The reason the process was blocked (unable to run). If the process is currently blocked, you will see why. If the process is running, you will see why it was last blocked. There are many reasons a process could be blocked. After Thd Cnt is a list of the most common reasons for the process being blocked.

Thd Cnt

The total number of threads for this current process.

Abbreviation

Reason for the Blocked Process

CACHE

Waiting for a cache buffer to become available

DISK

Waiting for a disk operation to complete

INODE

Waiting for an inode operation to complete

IO

Waiting for a non-disk I/O to complete

IPC

Waiting for a shared memory operation to complete

LAN

Waiting for a LAN operation to complete

MESG

Waiting for a message queue operation to complete

NFS

Waiting for an NFS request to complete

PIPE

Waiting for data to or from a pipe

PRI

Waiting because a higher-priority process is running

RFA

Waiting for a Remote File Access to complete

SEM

Waiting for a semaphore to become available

SLEEP

Waiting because the process called sleep or wait

SOCKT

Waiting for a socket operation to complete

SYS

Waiting for system resources

TERM

Waiting for a terminal transfer

VM

Waiting for a virtual memory operation to complete

OTHER

Waiting for a reason GlancePlus can't determine

CPU Report Screen Description

If the Process List screen indicates that the CPU is overworked, you'll want to refer to the CPU Report screen shown in Figure 12-5. It can provide useful information about the seven types of states on which GlancePlus reports.

Figure 12-5. HP GlancePlus/UX CPU Report Screen Shot

For each of the seven types of states, there are columns that provide additional information. Following is a description of the columns:

Current

Displays the percentage of CPU time devoted to this state over the last time interval.

Average

Displays the average percentage of CPU time spent in this state since GlancePlus was started.

High

Displays the highest percentage of CPU time devoted to this state since GlancePlus was started.

Time

Displays the CPU time spent in this state over the last interval.

Cum Time

Displays the total amount of CPU time spent in this state since GlancePlus was started.

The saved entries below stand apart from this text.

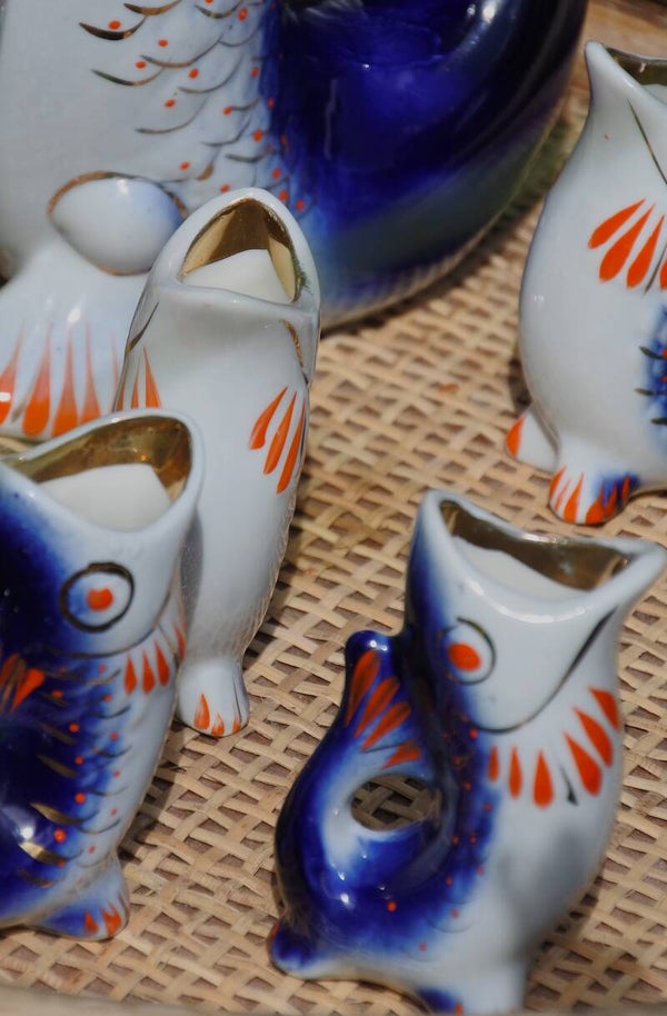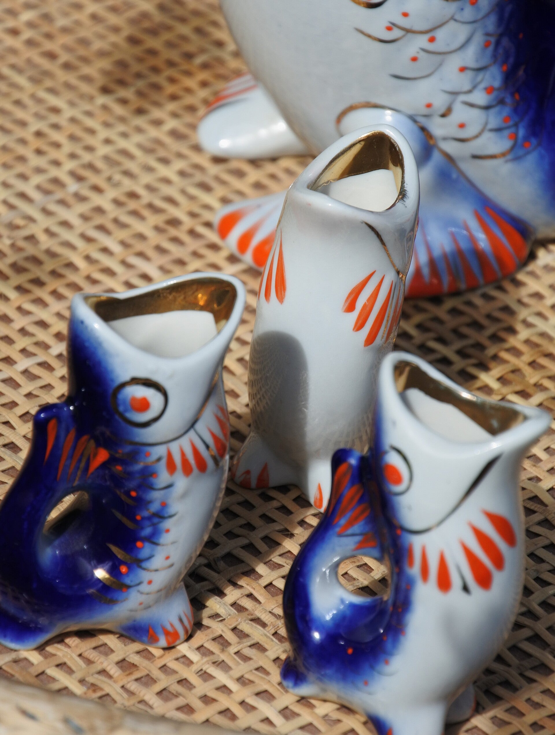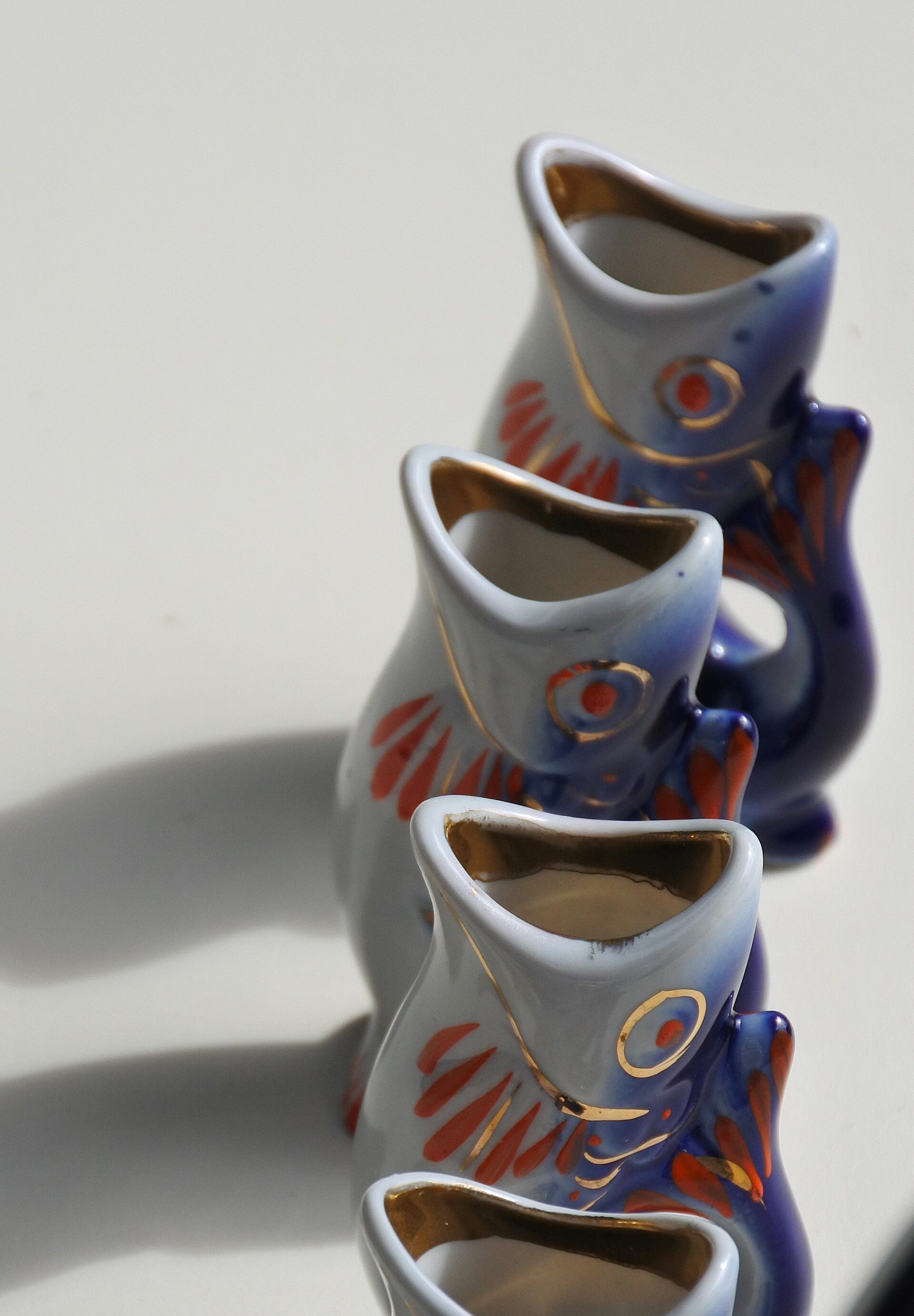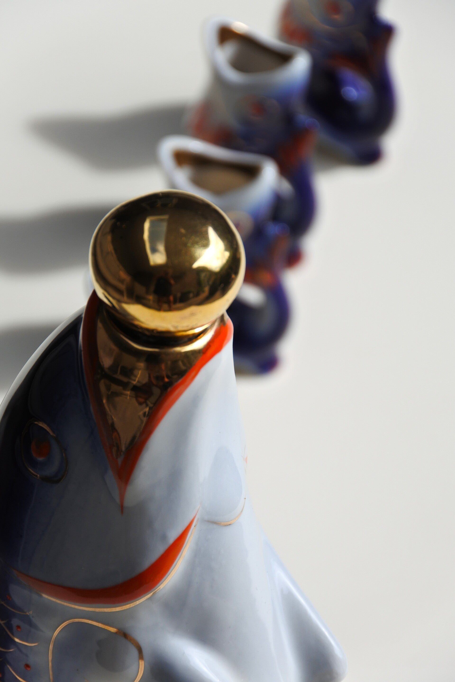 Deze vintage handgemaakte keramische set vervaardigd in de Sovjet Unie (nu Oekraïne) komt uit de jaren 70/80 en is perfect voor het serveren van een shotje op je (poker)avond, feestavond of puur als decoratief stuk want het zijn toch net kleine kunstwerkjes?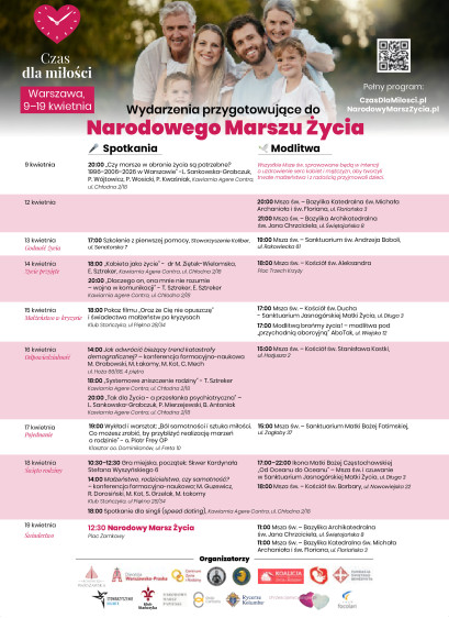 Strona główna Aktualności Czas dla Miłości 9-19kwietnia - wydarzenia przygotowujace do Narodowego Marszu Życia Data publikacji: 2026-04-09 Aktualności KdŻiR Tematy: kdżir narodowy marsz życia msze świete Poprzedni wpis Premiera filmu Maryja. Matka Papieża już za tydzień (17 kwietnia) w ponad 180 kinach! Następny wpis Edukacja zdrowotna obowiązkowa, ocena funkcjonalna wkracza do szkół; RODZINNY SERWIS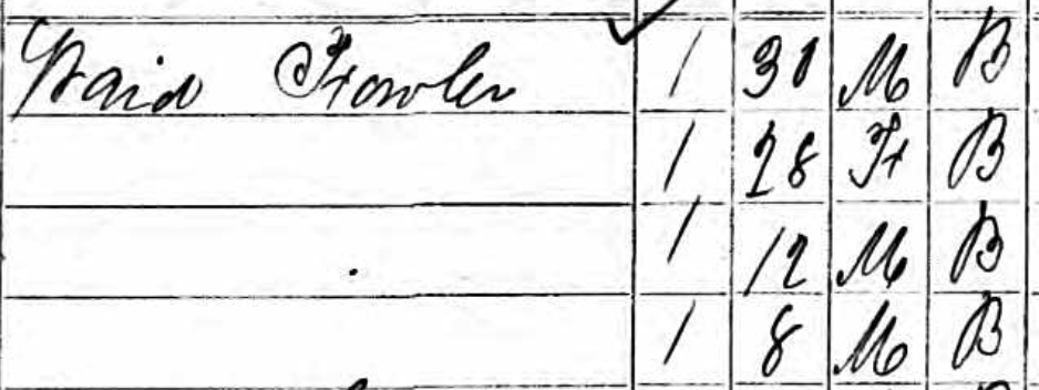 Dr. Wade Fowler had enslaved people in his household. The Slave schedules confirm one adult female and one male child in 1850; and one adult male, one adult female, and two male children in 1860.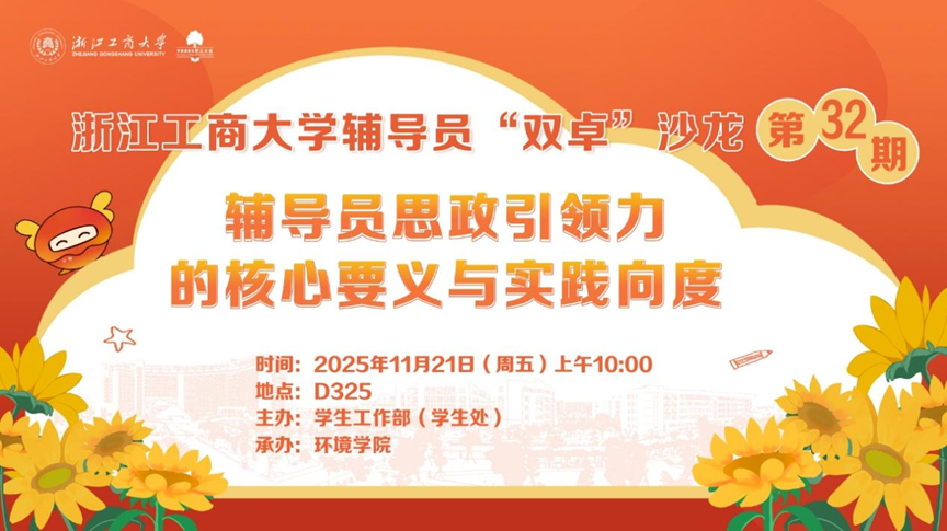 为深入贯彻落实全国教育大会精神,提升辅导员思政引领专业能力,11月21日上午,浙江工商大学第32期辅导员“双卓”沙龙在D325会议室成功举办。本次沙龙以“高校辅导员思政引领力的核心要义与实践向度”为主题,特邀浙江大学马克思主义学院于洋作专题分享,环境学院党委副书记石周燕、公管学院党委副书记邵彬彬及全校50余名辅导员齐聚一堂,共探思政育人新路径。沙龙由学工部副部长鲍碧丽主持。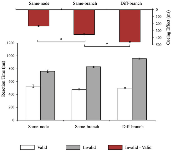 Results of Experiment 1. The histogram containing white and gray columns at the bottom is the reaction time under different conditions, and the histogram containing red columns at the top is the cueing effect under different conditions. Error bars represent SEM. Asterisks (*) indicate p-values of statistical test < 0.05.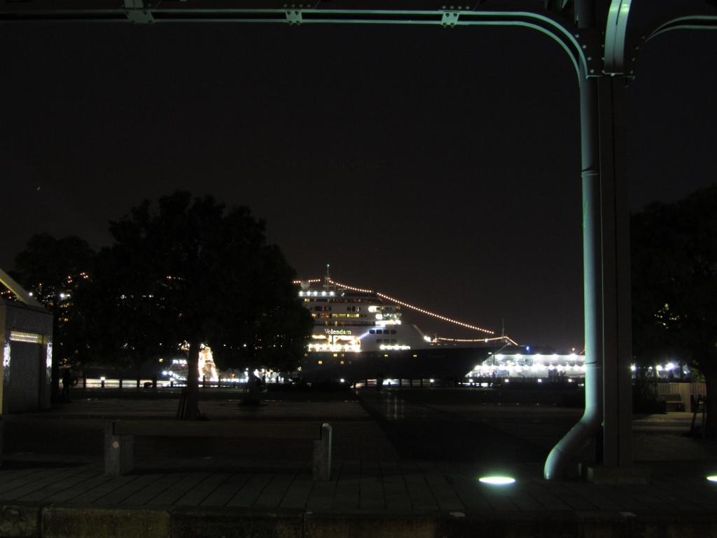 夜の駅から見える客船 |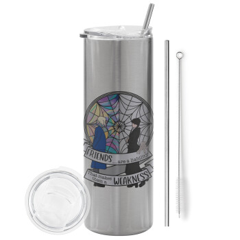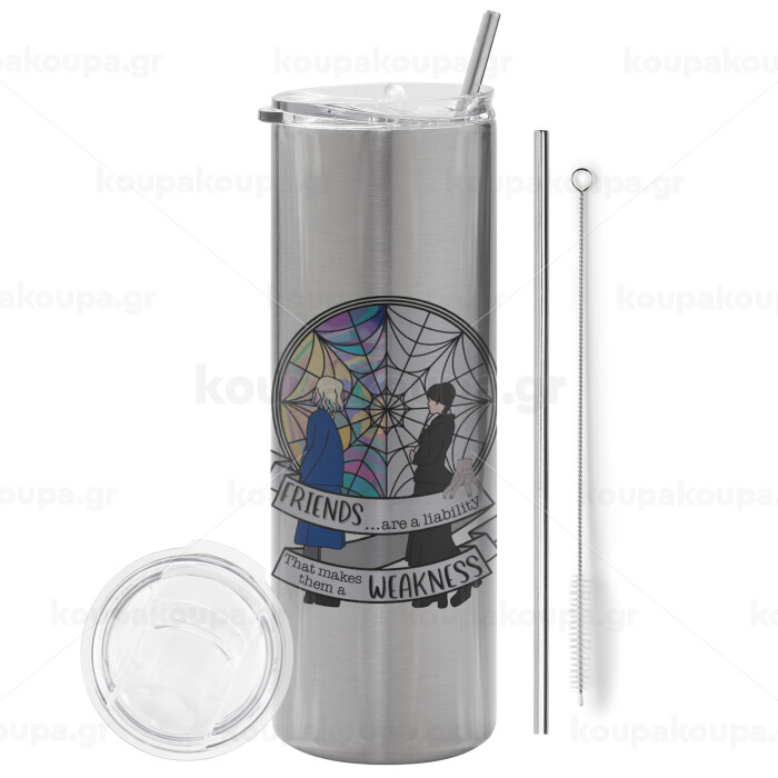 Wednesday window, Tumbler stainless steel Silver 600ml, with metal straw & cleaning brush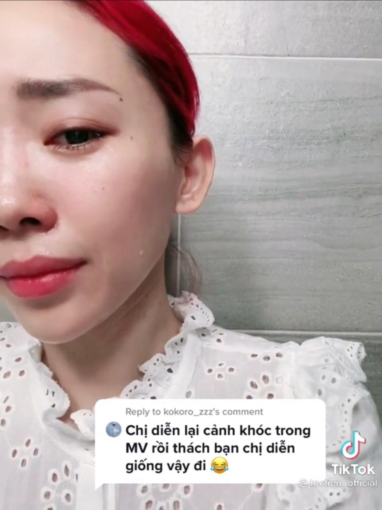 Thế nhưng ở một diễn biến khác, Tóc Tiên khiến khán giả "cười ra nước mắt" khi diễn lại chính phân cảnh khóc của mình. Cụ thể, khi được fan yêu cầu "chị diễn lại cảnh khóc trong MV đi", nữ ca sĩ đã ngay lập tức "nhập vai" với đôi mắt đỏ hoe, nước mắt chảy thành dòng.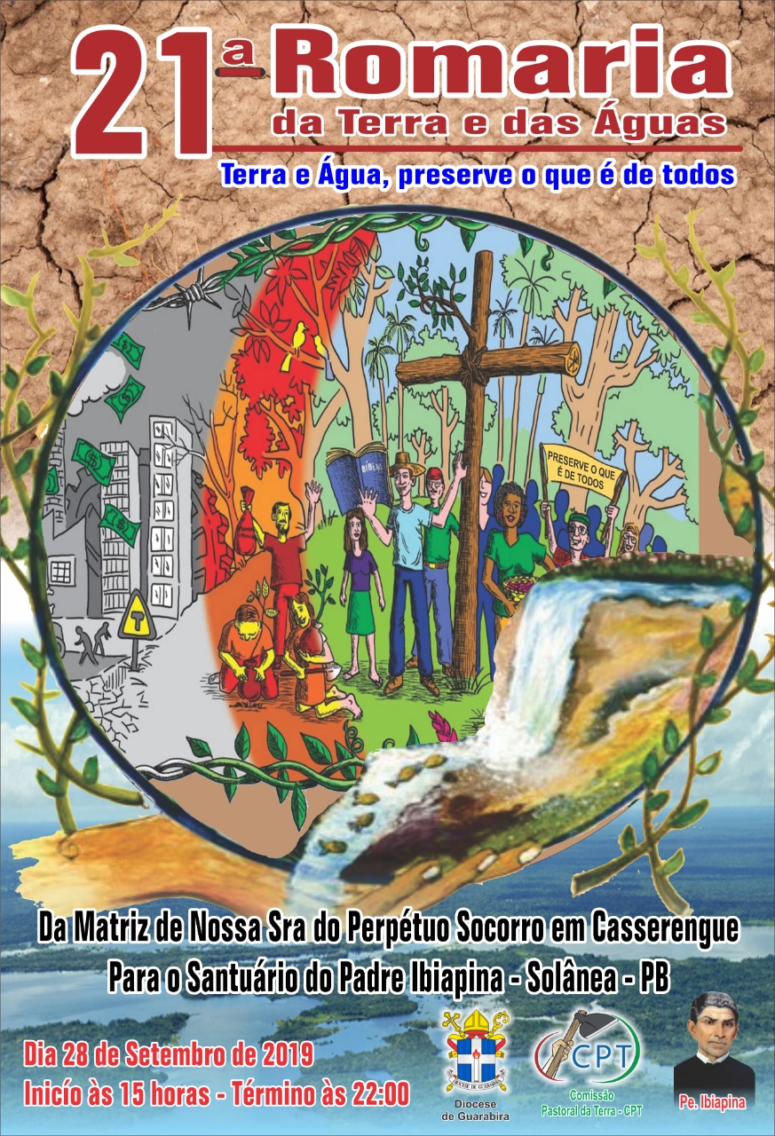 No dia 28 de setembro de 2019, será realizada a 21ª Romaria da Terra e das Águas da Diocese de Guarabira/PB. Organizada pela Diocese de Guarabira/PB e pela Comissão Pastoral da Terra, a Romaria deste ano terá como tema “Terra e Água: preserve o que é de todos!”. O percurso será de aproximadamente 10 quilômetros e terá início na Matriz de Nossa Senhora do Perpétuo Socorro, no município de Casserengue, com destino ao Santuário do Padre Ibiapina, em Solânea/PB. A concentração será a partir das 15h.

A description of the seven states follows:

User

CPU time spent executing user activities under normal priority.

Nice

CPU time spent running user code in nice mode.

Negative Nice

CPU time spent running code at a high priority.

Realtime

CPU time spent executing real-time processes that run at a high priority.

System

CPU time spent executing system calls and programs.

Interrupt

CPU time spent executing system interrupts. A high value here may indicate a lot of I/O, such as paging and swapping.

ContSwitch

CPU time spent context switching between processes.

Traps

CPU time spent handling traps.

Vfaults

CPU time spent handling page faults.

Idle

CPU time spent idle.

The CPU Report screen also shows your system's run queue length or load average. This is displayed on the second page of the CPU Report screen. The Current, Average, and High values for the number of runnable processes waiting for the CPU are shown. You may want to get a gauge of your system's run queue length when the system is mostly idle and compare these numbers with those you see when your system is in normal use.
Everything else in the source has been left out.